Any picture must be dropped, but each line of the data should be duplicated exactly.

◆ DATASET EXCERPT
==*==
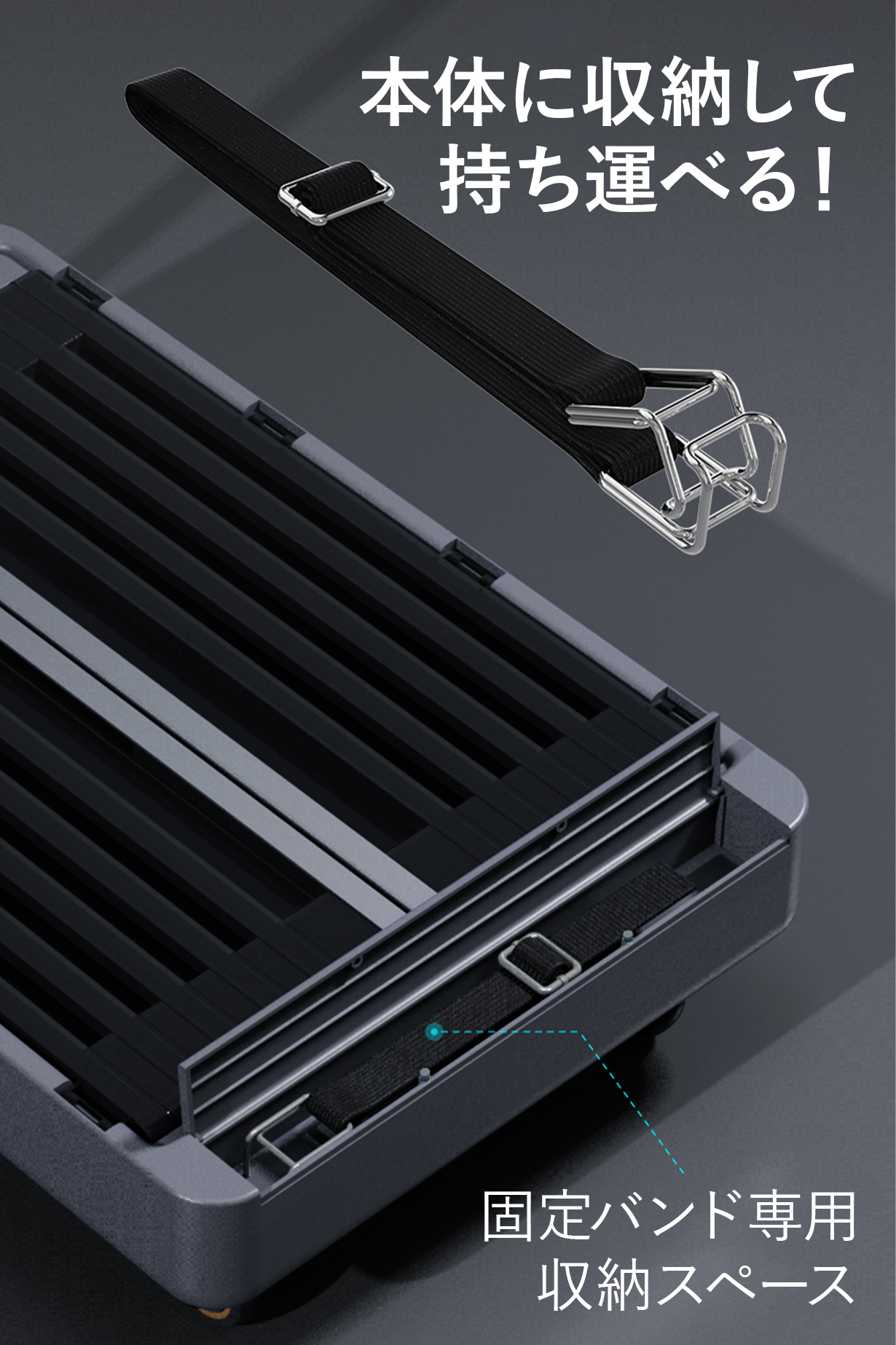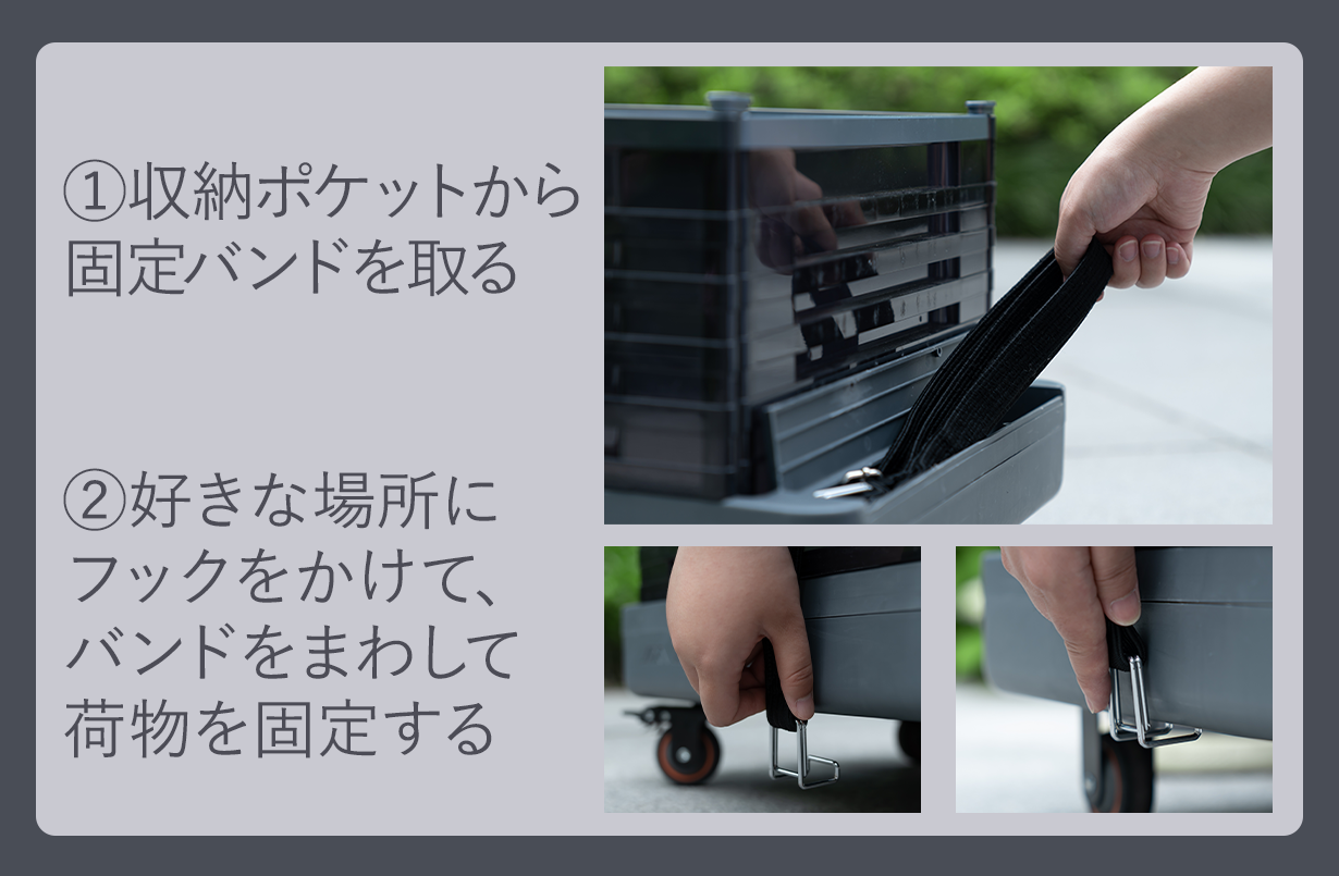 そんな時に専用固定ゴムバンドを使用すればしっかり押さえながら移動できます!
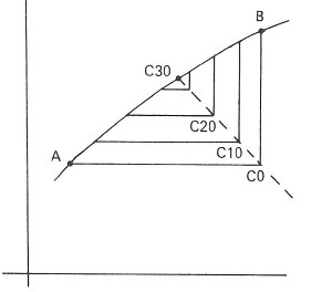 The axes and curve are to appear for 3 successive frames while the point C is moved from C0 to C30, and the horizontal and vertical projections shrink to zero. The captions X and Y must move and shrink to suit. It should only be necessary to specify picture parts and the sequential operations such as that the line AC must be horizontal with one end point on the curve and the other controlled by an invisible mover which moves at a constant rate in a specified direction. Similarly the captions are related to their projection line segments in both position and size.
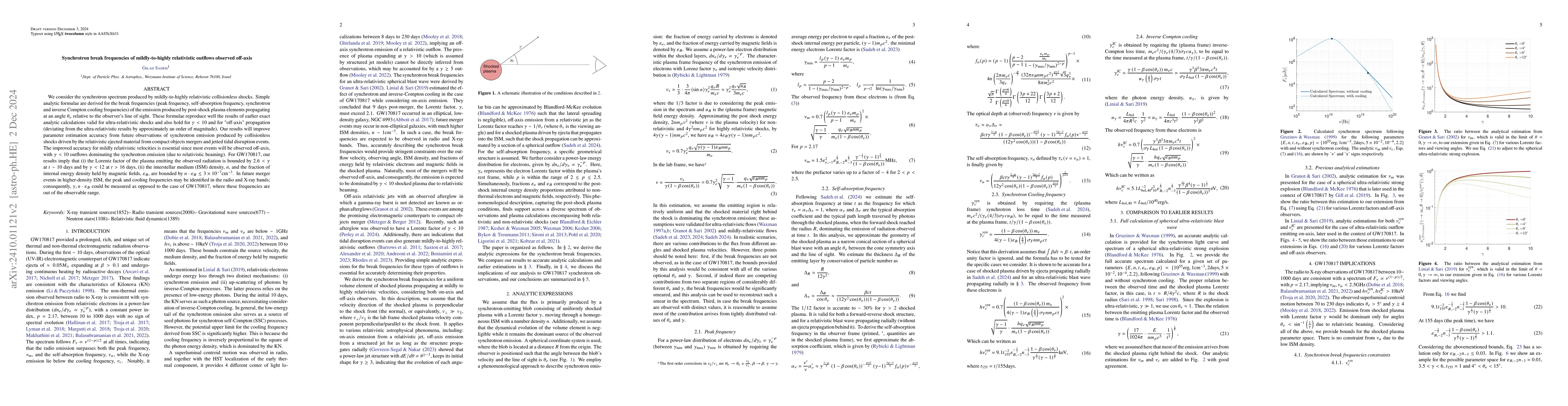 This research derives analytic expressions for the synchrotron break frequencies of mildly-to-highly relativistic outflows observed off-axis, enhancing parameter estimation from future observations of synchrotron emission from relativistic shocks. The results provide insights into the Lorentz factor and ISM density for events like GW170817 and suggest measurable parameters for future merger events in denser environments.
==*==
◆ EXERCISE OUTPUT
 そんな時に専用固定ゴムバンドを使用すればしっかり押さえながら移動できます!
 The axes and curve are to appear for 3 successive frames while the point C is moved from C0 to C30, and the horizontal and vertical projections shrink to zero. The captions X and Y must move and shrink to suit. It should only be necessary to specify picture parts and the sequential operations such as that the line AC must be horizontal with one end point on the curve and the other controlled by an invisible mover which moves at a constant rate in a specified direction. Similarly the captions are related to their projection line segments in both position and size.
 This research derives analytic expressions for the synchrotron break frequencies of mildly-to-highly relativistic outflows observed off-axis, enhancing parameter estimation from future observations of synchrotron emission from relativistic shocks. The results provide insights into the Lorentz factor and ISM density for events like GW170817 and suggest measurable parameters for future merger events in denser environments.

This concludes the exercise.